In a guideline combined repeated dose and reproduction / developmental screening study (OECD 422) conducted according to Good Laboratory Practices, WIL Research Labs (2010) evaluated the potential toxic effects of phosphorodithioic acid, mixed O,O-bis(iso-Bu and pentyl) esters, zinc salts when administered to rats. This study was designed to evaluate the toxic effects, including neurobehavioral effects, of the test material to parental animals and to evaluate the potential to effect male and female reproductive performance such as gonadal function, mating behavior, conception, parturition, and early postnatal development. The test material was administered orally by gavage once daily to 3 groups of Crl:CD(SD) rats at levels of 10, 40 or 160 mg/kg/day. The low- and mid-dose groups each consisted of 10 rats/sex and the high-dose group consisted of 15 rats/sex. A concurrent control group of 15 rats/sex received the vehicle, mineral oil USP, on a comparable regimen. Ten males/group selected for pairing were dosed for 14 days prior to mating through 1 day prior to euthanasia for a total of 28 doses. Ten females/group selected for pairing were dosed for 14 days prior to mating through lactation day 3 for a total of 40-52 doses; females that failed to deliver were dosed through the day prior to euthanasia (post-mating day 25) for a total of 40 doses. The extra 5 males and 5 females in the control and high-dose groups were not used for mating and were treated beginning on study day 0; following 28 doses for the males and 40 doses for the females, these animals were assigned to the post-treatment period and remained on study for a 14-day non-dosing period.

Test item-related moribundity, clinical findings, and microscopic findings in the non glandular portion of the stomach, characterized by epithelial hyperplasia, hyperkeratosis, and inflammation, were observed in the 160 mg/kg/day group. The injury to the nonglandular portion of the stomach was localized and considered to be irritation from test item portal-of-entry effects. Based on these results, the NOEL for portal-of-entry effects was considered to be 40 mg/kg/day, and excluding the histologic injury to the nonglandular stomach, the no-observed-adverse-effect level (NOAEL) for systemic toxicity was considered to be 160 mg/kg/day.

Endpoint conclusion

Endpoint conclusion:

no adverse effect observed

Quality of whole database:

The available information comprises an adequate and reliable study (Klimisch score 2) from a reference substance with similar structure and intrinsic properties.

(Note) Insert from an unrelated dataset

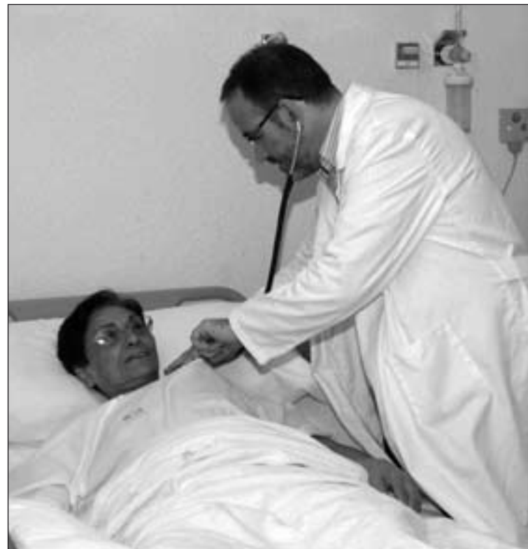
Los obispos advierten del riesgo de caer en conductas eutanásicas.

cabo en el próximo otoño para que puedan incluirse las enseñanzas del Santo Padre durante la Jornada Mundial de la Juventud.

Read-across is justified based on common functional group(s) and similarities in physicochemical and/or (eco)toxicological properties (refer to endpoint discussion for further details).
The selected study is thus sufficient to fulfil the standard information requirements set out in Annex VIII-IX, 8.6.1, in accordance with Annex XI, 1.5, of Regulation (EC) No 1907/2006.

Repeated dose toxicity: inhalation - systemic effects

Endpoint conclusion

Endpoint conclusion:

no study available

Repeated dose toxicity: inhalation - local effects

Endpoint conclusion

Endpoint conclusion:

no study available

Repeated dose toxicity: dermal - systemic effects

Endpoint conclusion

Endpoint conclusion:

no study available

Repeated dose toxicity: dermal - local effects

Endpoint conclusion

Endpoint conclusion:

no study available

Additional information

Justification for grouping of substances and read-across

There are no reliable data available on the repeated dose toxicity of zinc O,O,O',O'-tetrabutyl bis(phosphorodithioate). In order to fulfil the standard information requirements set out in Annex VIII-IX, Section 8.6.1, in accordance with Annex XI, Section 1.5 of Regulation (EC) No 1907/2006, read-across from a structurally similar substance is conducted.

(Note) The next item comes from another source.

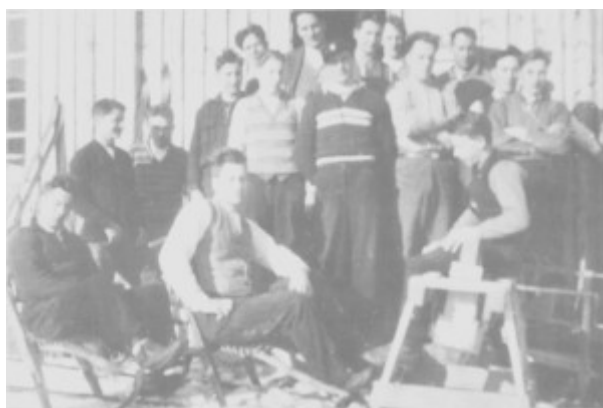
Arbeidsløs ungdom kunne bruke tida til å lære noe nyttig. Bildet er fra et snekkerkurs i Spongtun i i 934.

Vi må legge til at det var bare menn som ble registrert som arbeidsledige i mellomkrigstida i Tydal. Kvinner ble hverken registret som ledige eller fikk noen tilbud om sysselsetting. Gifte kvinner skulle forsørges av en mann, og det var nærmest umoralsk om begge hadde lønna arbeid. Ei gift kvinne på en arbeidsplass burde vike for mannlige arbeidsledige, mente nesten alle. Ei lærerinne f.eks. kunne rett og slett sies opp når ho gifta seg og fikk en forsørger. (1 Tydal hadde dette skjedd i 1909.)

In accordance with Article 13 (1) of Regulation (EC) No 1907/2006, "information on intrinsic properties of substances may be generated by means other than tests, provided that the conditions set out in Annex XI are met.” In particular for human toxicity, information shall be generated whenever possible by means other than vertebrate animal tests, which includes the use of information from structurally related substances (grouping or read-across).

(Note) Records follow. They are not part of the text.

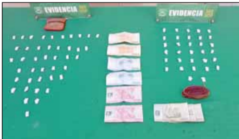
Personal de OS7 de Carabineros Aconcagua incautó desde el interior del domicilio del imputado, 76 papelinhas de pasta base de cocaína en la población René Schneider de Los Andes.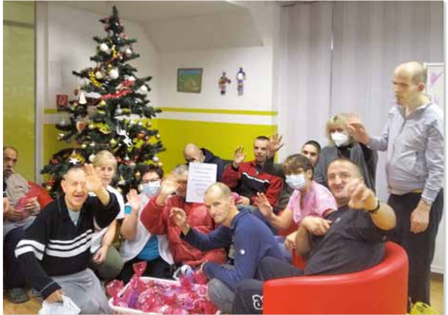
Darčeky od Obce Zákamenné

Tento rok bol pre našich prijímateľov naozaj bohatý na darčeky a prekvapenia od nezištných ľudí. Dôkazom toho boli aj študentky zo Súkromnej Spojenej školy EDUCO. Našich prijímateľov v Zákamennom potešili milou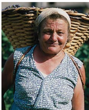
Alle mussten anpacken und die schweren Körbe zu Fuss ins Tal hinunterbringen.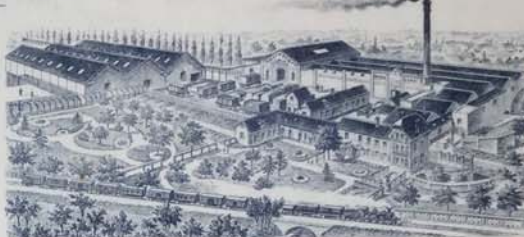
BLANCHISSERIE DE BERNOUVILLE (EURE)

Having considered the general rules for grouping of substances and read-across approach laid down in Annex XI, Item 1.5, of Regulation (EC) No 1907/2006, whereby physicochemical, toxicological and ecotoxicological properties may be predicted from data for reference substance(s) by interpolation to other substances on the basis of structural similarity, the substance Phosphorodithioic acid, mixed O,O-bis(iso-Bu and pentyl) esters, zinc salts (CAS 68457-79-4) is selected as reference substances for assessment of repeated dose toxicity.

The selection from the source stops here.